We ask that the panel recognize that there are absolute limits on extraction of more water resources from already overstressed rivers and wetlands and groundwater. We also know that today the Truckee River isn’t supplying water except to those who have private storage rights like the TMWA (Truckee Meadows Water Authority, the water agency for Reno-Sparks). We know the “water rights” to use the river and actual “water” are two entirely different things. We also know that groundwater pumping borrows water from hoped for future rains. And we know that the Truckee River and its tributary streams could shrink under increased groundwater pumping.

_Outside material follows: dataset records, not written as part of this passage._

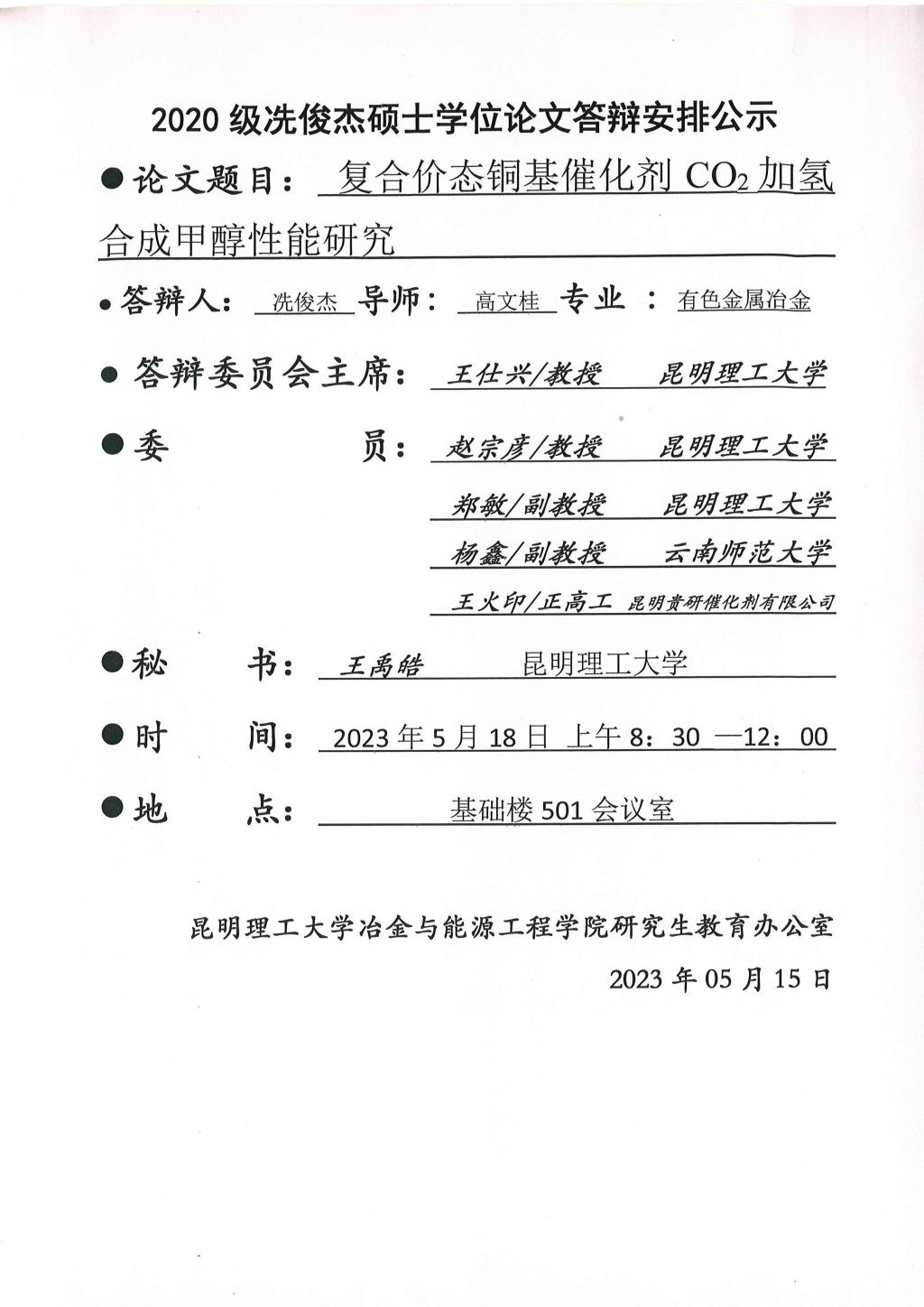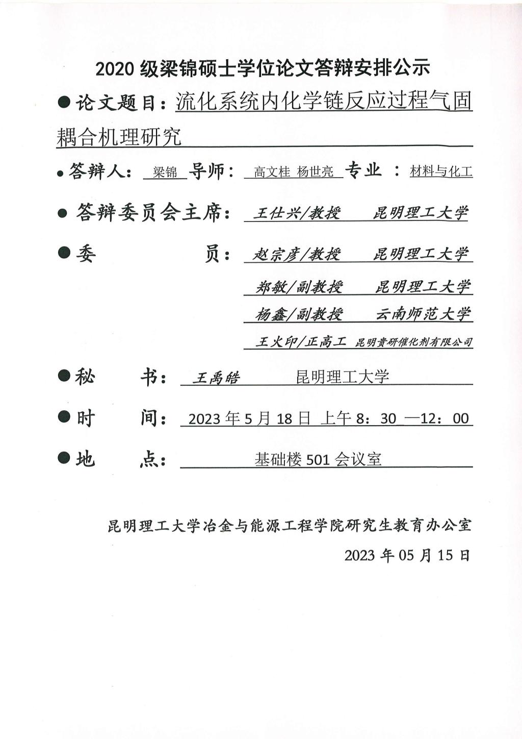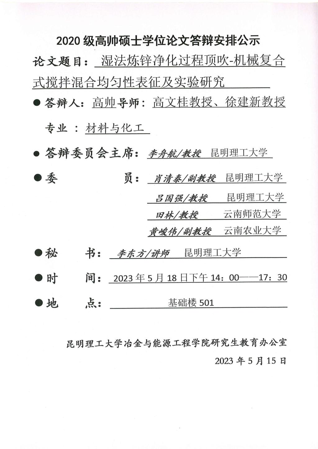 硕士学位论文答辩公示——高帅,张平尧,许云添,冼俊杰,梁锦,文蹇林——2023.05.18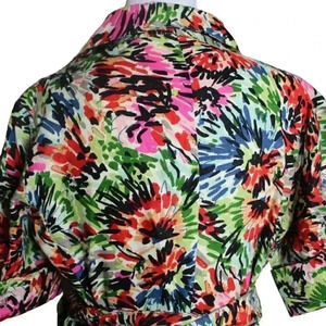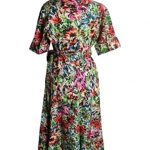 This 80's dress is in perfect condition. It has a vibrant floral print on this 100% Linen dress. It has a 50's inspired look.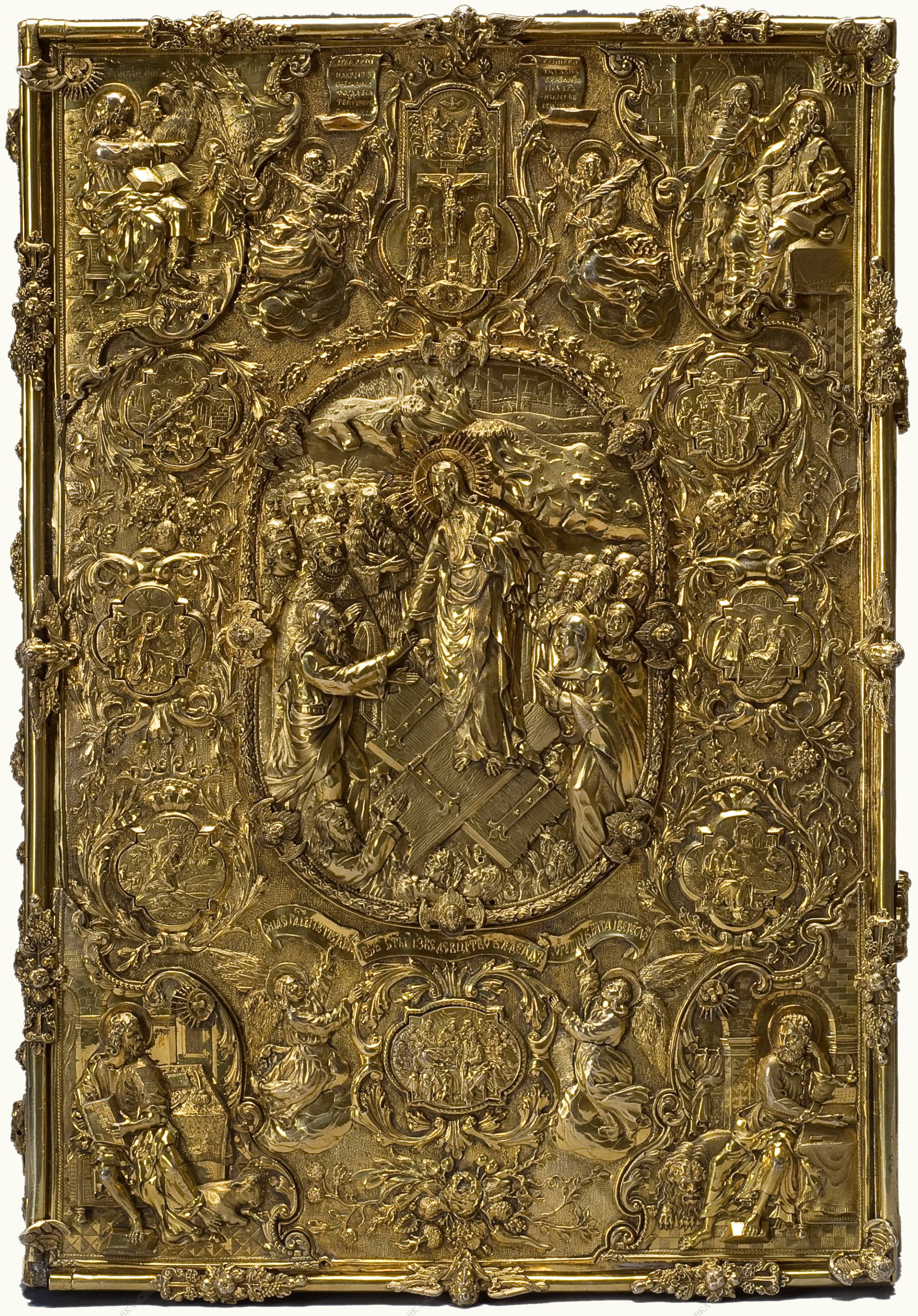 Печать – 1698 год. Оклад – 1723 год Москва Серебро, дерево, бумага, ткань; литье, резьба, чеканка, золочение 56,5 х 39 Поступило в 1935 году из Антирелигиозного музея искусств Происходит из Донского монастыря в Москве ГИМ инв. 77299 ОК 10659

Of course, the problem isn’t confined to just the Truckee River. The Humboldt River is dry before it reaches Rye Patch Reservoir. The Carson River is a mere trickle at Fort Churchill State Park. The Walker River doesn’t reach Walker Lake – even in average years. Washoe Lake dried up before summer even began.

Washoe Lake nearly dry in March 2015. Washoe Lake is in the Truckee River watershed.

Washoe Lake nearly dry in March 2015. Washoe Lake is in the Truckee River watershed.

The Truckee River was dry or nearly so at the Sparks measuring gauge for 4 days last week and for almost two days a week before that. Despite significant upstream storage capacity on the Truckee River watershed, those reservoirs are mostly depleted. Lake Tahoe stands below its rim – a condition that has now persisted for more than a year resulting in no flow into the Truckee River.

Pyramid Lake has fallen more than 25 feet in the last 15 years of mostly drought conditions. The drop is the result of a deficit of millions of acre-feet of water. Continued losses of water for the Lake threaten the Pyramid Lake Paiute Tribe and the endangered species found there and in the Truckee River.

http://www.climatecentral.org/news/400-ppm-co2-february-2015-18710

Pyramid Lake offers ample proof of an extended drought with steeply declining lake levels since 2000.

Our view of the drought as an inconvenience – almost a distraction – to economic pursuits leads us deeper into our current water problem. Our failure to recognize a drying trend which began firmly at the turn of this current century is part of the problem, too. Another is our denial of climate change – very likely one of the reasons for warming and drying of the western US.

Our rivers, lakes, and wetlands and our uses of water cannot be sustained if the rainfall/snowfall of the past 15 years repeats into the future. Over the next 15 or 50 years, we will have to choose what to keep and what to change. Even in good times, Reno is a desert with only an annual average of 7 inches of precipitation.

We recommend engaging all Nevadans in a discussion of where we go from here. Looking to past solutions will not solve the water crisis we face. We need national and state experts from climatology, hydrology, and natural resources to provide the facts of our current situation and what to expect, most likely, going forward. We need to engage in research to understand how to keep our rivers and lakes intact and functioning, what water uses we can continue, what water uses we need to change, and how to get the public buy-in to carry out necessary solutions.Drought Monitor August 19


[Note – The Governor’s Drought Forum met today at the Nevada Department of Agriculture in Sparks, NV – TRYC wasn’t invited to testify, but we did submit the above comments to the members of the Forum.]